A bucket wheel is the best wheel for a hedgie.

Pros for hedgie: they have a flat surface to prevent injuries, they are sturdy, you can change the angle of the running surface, wide running surface 

Pros for humans: very silent, easy to clean, safe

I have the Carolina storm wheel. You can either buy a bucket wheel online or make one yourself.


----------



## shinydistraction (Jul 6, 2014)

Barring a bucket wheel, if you're just wanting a fast store bought solution I would go with the comfort wheel. Solid running surface so it's safe for hedgehogs. It can be loud and you don't get to adjust the angle at all. 

But yes, the bucket wheel is probably the best route.


----------



## ilovebailey1617 (Oct 9, 2011)

^^ 100% agree Carolina storm bucket wheels are the best! Super quiet easy to clean, you can adjust it and comes in some amazing colors.ive also had the comfort wheel in 12" it's a cheaper convenet option but it's super noisy a pain to clean the potty out of the ridges and if you have a hedgie that loves to run it won't last long before it starts braking.i bought 2 in 3 years before I got my Bailey her bucket wheel.


----------



## itsgotascope (Mar 16, 2015)

We bought a flying saucer wheel for Pickles and he seems to use it fine. (He wont run on his wheel if he knows were watching) As new owners we aren't totally sold on it yet, however he uses it every day and its incredibly easy to clean. It's also silent and there aren't holes for his little feet to get stuck in. It's also very light so he can move it to wherever he wants, which he does sometimes. I'm also curious as to what people think of these wheels.


----------



## Soyala_Amaya (Aug 1, 2011)

I am not a fan of the flying saucers. They're made for hamsters and small lizards, not hedgies. The angle can cause hip pain, which leads to less running, and there have been multiple reports of the wheel part just breaking off from the base in the middle of the night, leaving shards of plastic in the enclosure for hours till the Human finds them. 

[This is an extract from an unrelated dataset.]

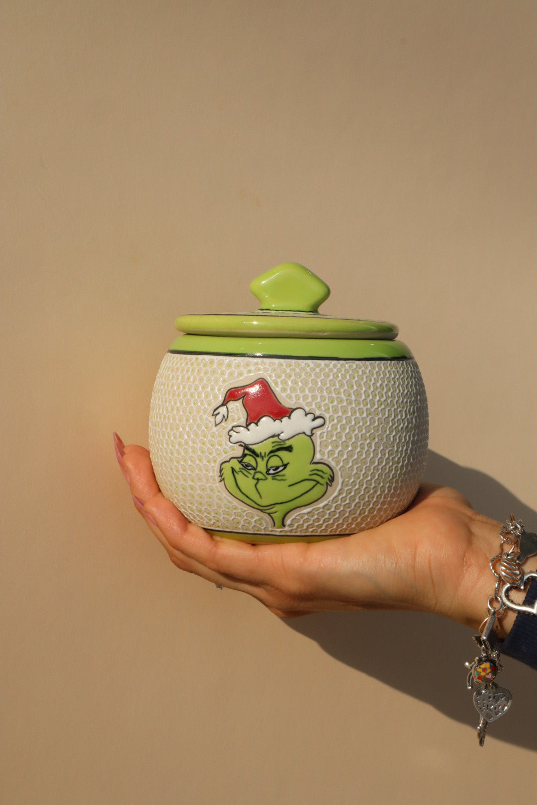 Handcrafted Detail: Featuring a striking Lime Green glaze that cuts across the textured white body, this piece is topped with a lid featuring a distinctive owl-like handle. The fun, hand-panted "You're a Mean One" character adds a wonderfully cheeky touch to your holiday display.

Bucket wheel, bucket wheel all the way. Note, though, the pretty colorful Storm Bucket wheels are only 10.5 and if you have a bigger hedgie, not good for them. For a big boy you need to buy an original Carolina Storm Wheel which is made out of a cake cover and is the full 12 inches.


----------



## itsgotascope (Mar 16, 2015)

Wow thanks for that, I honestly didn't even think of the angle. I'm going to have to look into upgrading for him ASAP.


----------



## Soyala_Amaya (Aug 1, 2011)

Yeah, the saucer is basically like constantly running uphill with no breaks. Ouch, makes me ache thinking about it! A nice bucket wheel sized correctly for your hog is a good flat surface.


----------



## crobbins2009 (Apr 20, 2014)

Love love love the Carolina storm wheel! And they are easy to clean which I'd a huge plus with a hedgie wheel since they like to poop when running :/ I thought about making one, but didn't have the time to find the Rollerblade wheel I needed.


----------